Pada histogram di atas pula dapat kita lihat bahwa transpirasi tanaman terong di dalam ruangan atau di suhu tinggi kehilangan air dalam bentuk uap dari tanaman  sebanyak 15,61 yng mana lebih rendah dari transpirasi luar ruangan atau suhu sedang sebanyak 31,11. Hal tersebut dapat disebabkan karena faktor-faktor eksternal yaitu kelembaban, suhu, cahaya, dan angin yang berbeda antara di rumah kaca dengan di luar.

Gambar 2. Histogram WUE tanaman terong.

Dari percobaan di atas diketahui bahwa efisiensi air tanaman terong di rumah kaca lebih kecil dibandingkan dengan efisiensi air tanaman terong di luar. Efisiensi air tanaman terong di rumah kaca sebesar 0,000217, sedangkan di luar sebesar 0,00086. Dapat disimpulkan bahwa kebutuhan air bagi tanaman sangat penting agar tanaman dapat terus hidup.

KESIMPULAN

 Kesimpulan yang diperoleh pada percobaan ini adalah:

  1. Jumlah air yang hilang karena evaporasi di dalam ruangan sebanyak 64,21 yang mana lebih tinggi dari evaporasi luar ruangan sebanyak 15,16. Dan jumlah air yang hilang karena transpirasi di dalam ruangan sebanyak 15,61 yng mana lebih rendah dari transpirasi luar ruangan sebanyak 31,11
  2. Jumlah air yang dibutuhkan merupakan total dari evaporasi dan transpirasi. Menurut percobaan ini apabila di dalam ruangan adalah sebanyak 79,82 dan apabila di luar ruangan sebanyak 86,88.
  3. Nilai Water Use Efficiency (WUE) di rumah kaca kaca lebih kecil dibandingkan dengan efisiensi air tanaman terong di luar. Efisiensi air tanaman terong di rumah kaca sebesar 0,000217, sedangkan di luar sebesar 0,00086.

DAFTAR PUSTAKA

Atusi. 2012. Kebutuhan Air Tanaman. <http://www.agritusi.com/archives/171>. Diakses pada 9 Mei 2013.

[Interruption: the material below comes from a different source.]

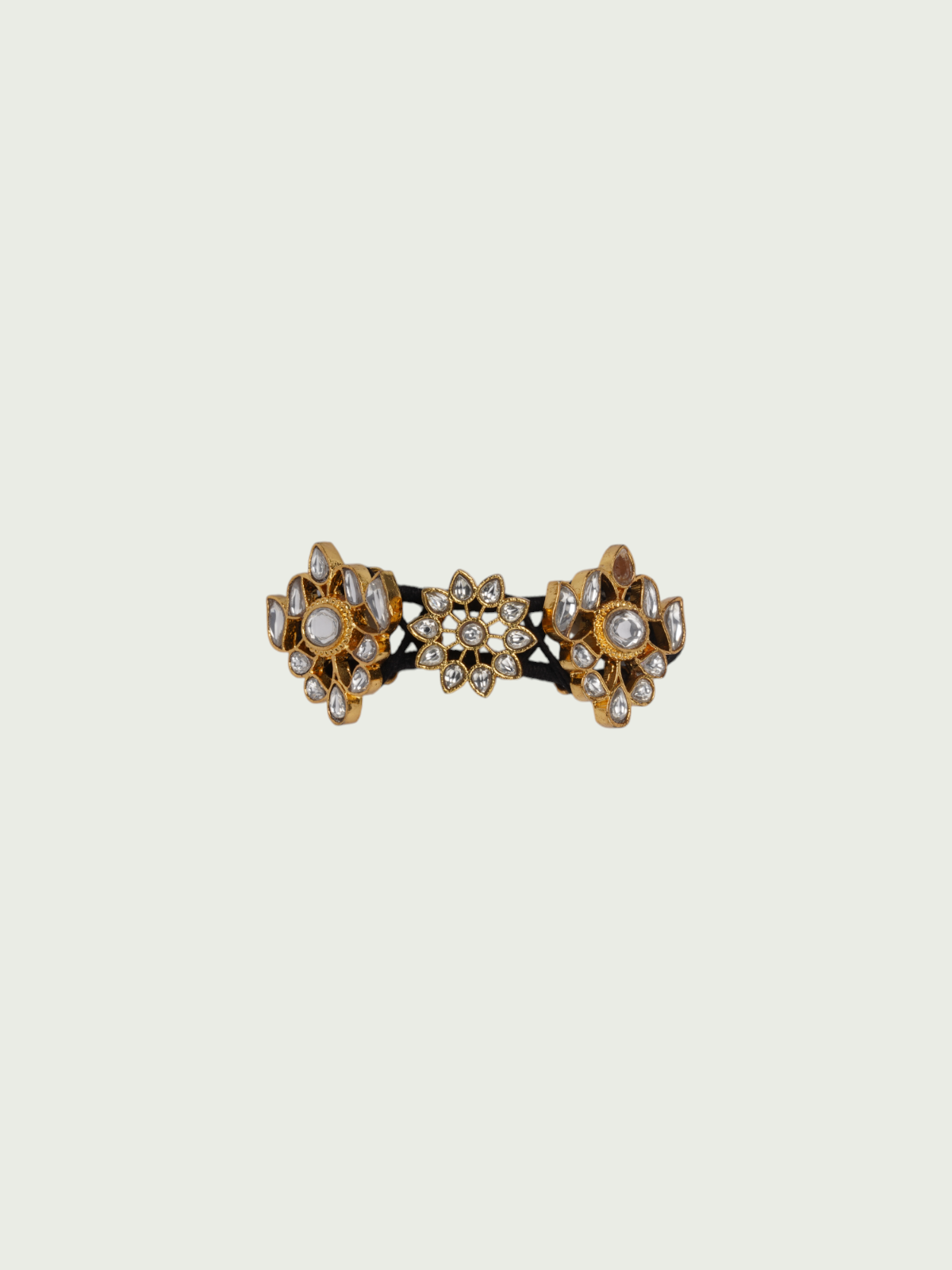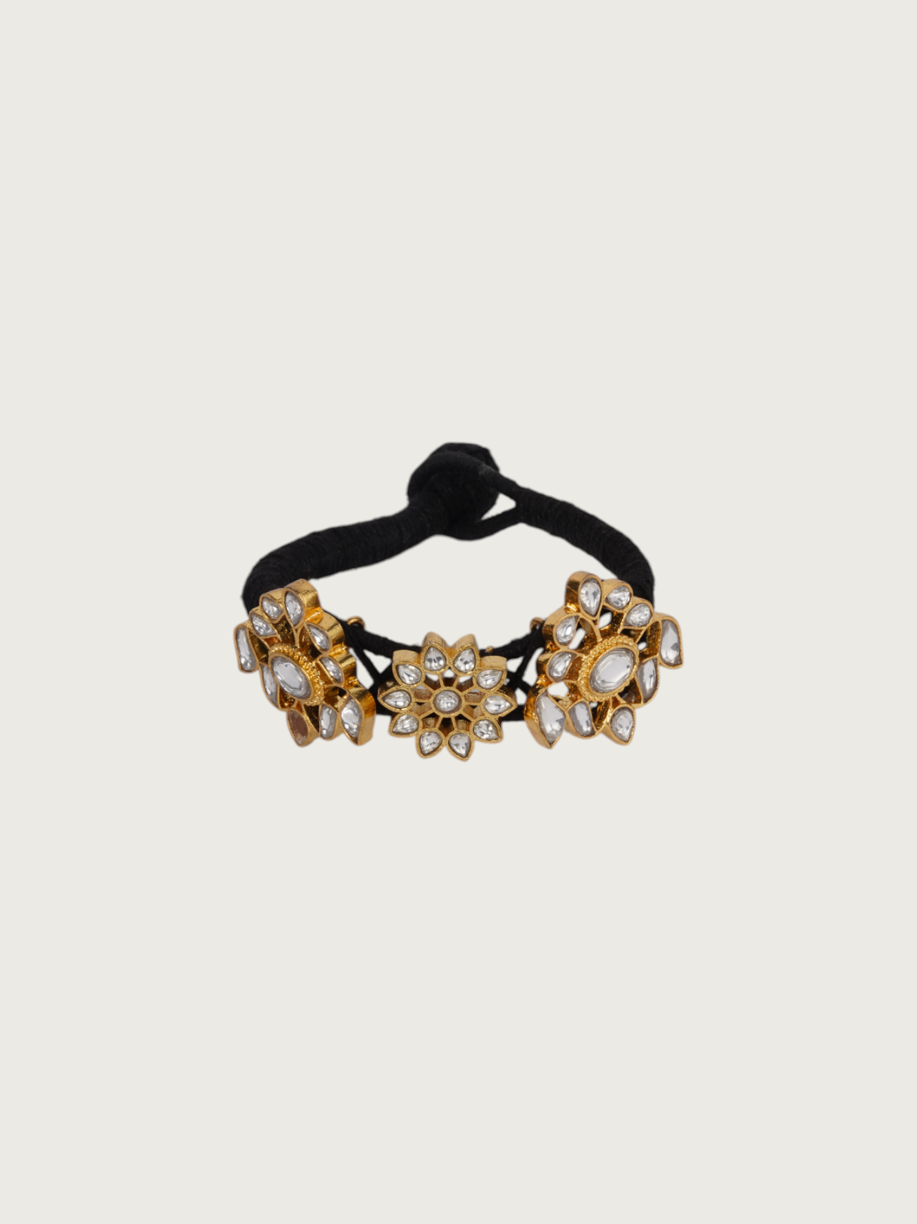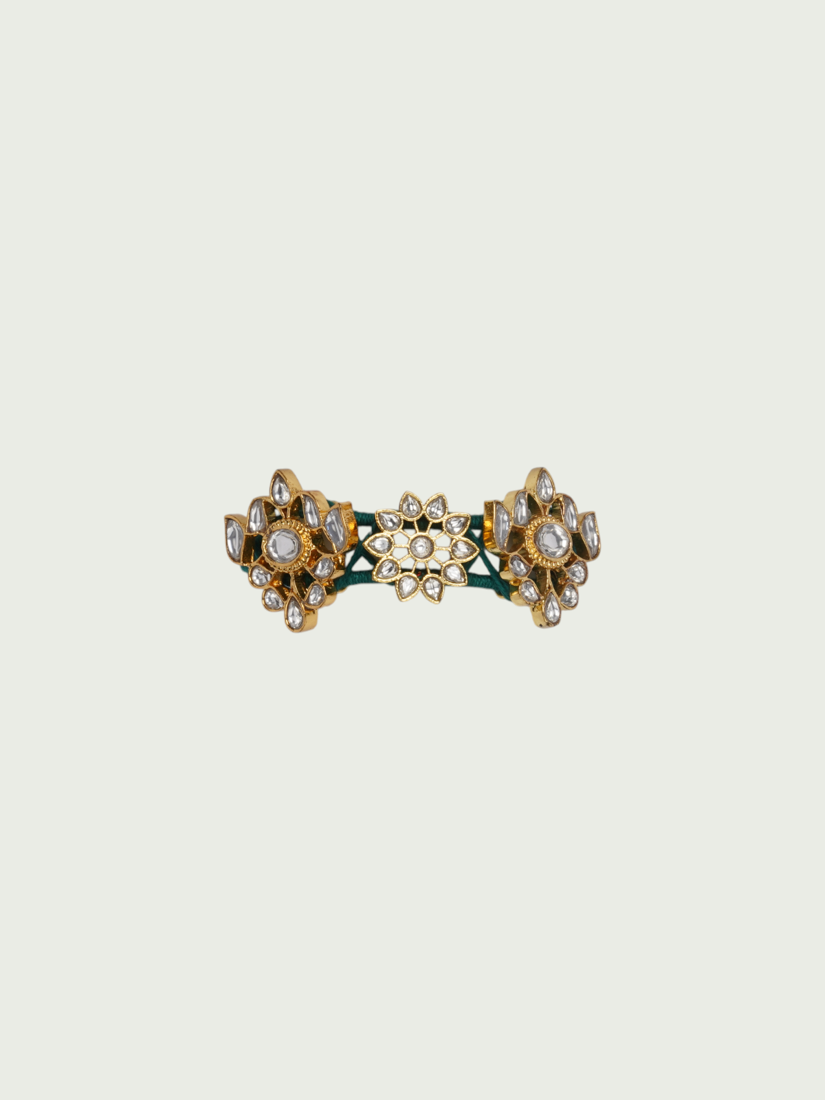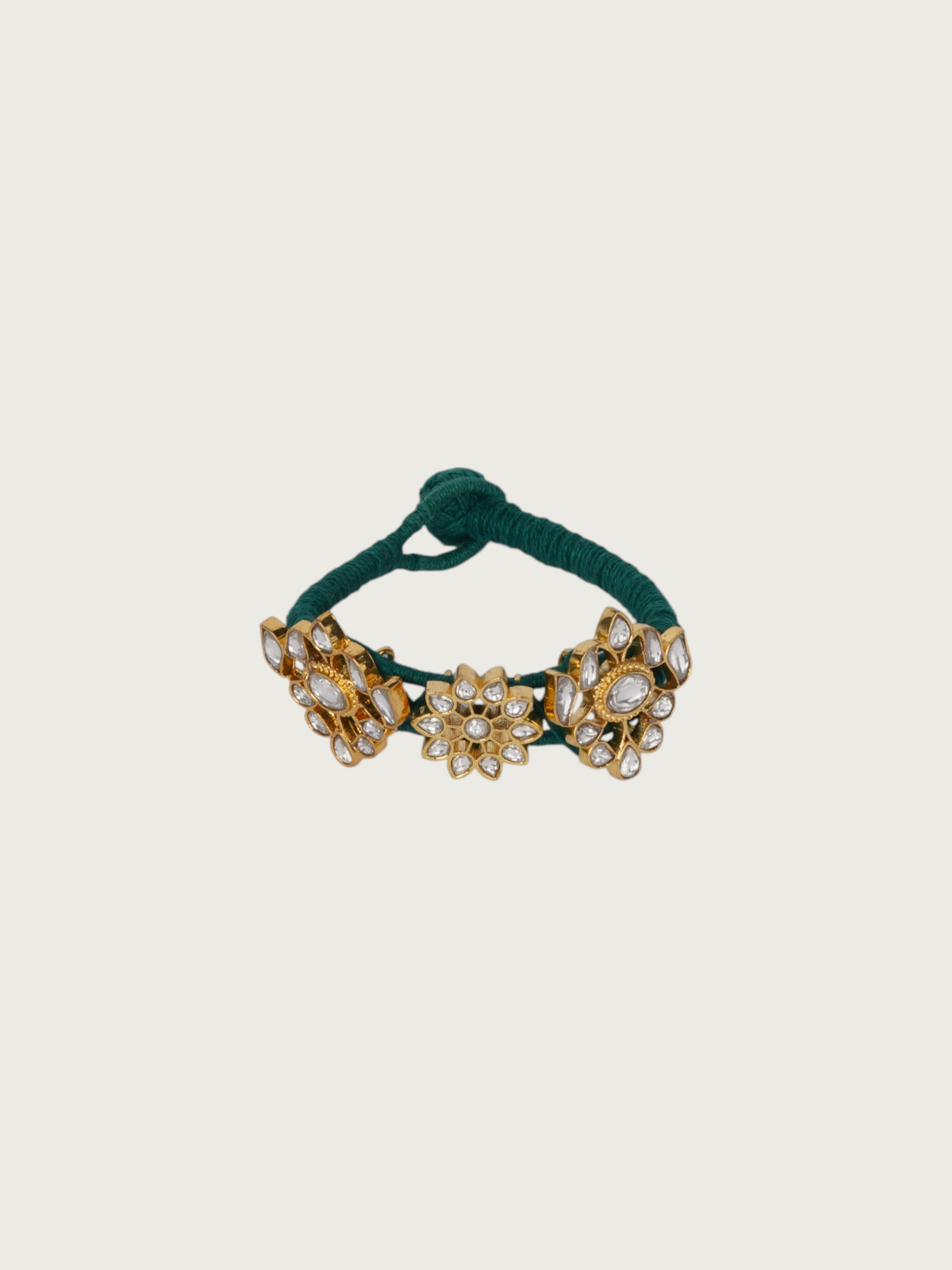 Elevate your accessory collection with this handcrafted jadau bracelet featuring a radiant arrangement of uncut-style stones in traditional floral motifs. Set in a warm gold-plated finish, the piece highlights a trio of intricately embellished components, enhanced with rich multicolor detailing – including hues of red, green, and white.

Djufry, E. 2006. Respon Tanaman Jarak (Richinus communis L.) pada kondisi cekaman air. Jurnal Agrivigor 5: 98-107.

Ehlers, Wilfred, dan Goss, M. 2003. Water Dynamies Production. CABI Publishing, USA.

Susilowarno, dkk. 2007. Biologi. Grasindo, Jakarta.

Wullschleger, S.D., dan Hanson P.J. 2006. Sensitivity of canopy transpiration to altered precipitation in an upland oak forest : eviolence fom a long-term field manipulation study. Global change biologi 12 : 97-109.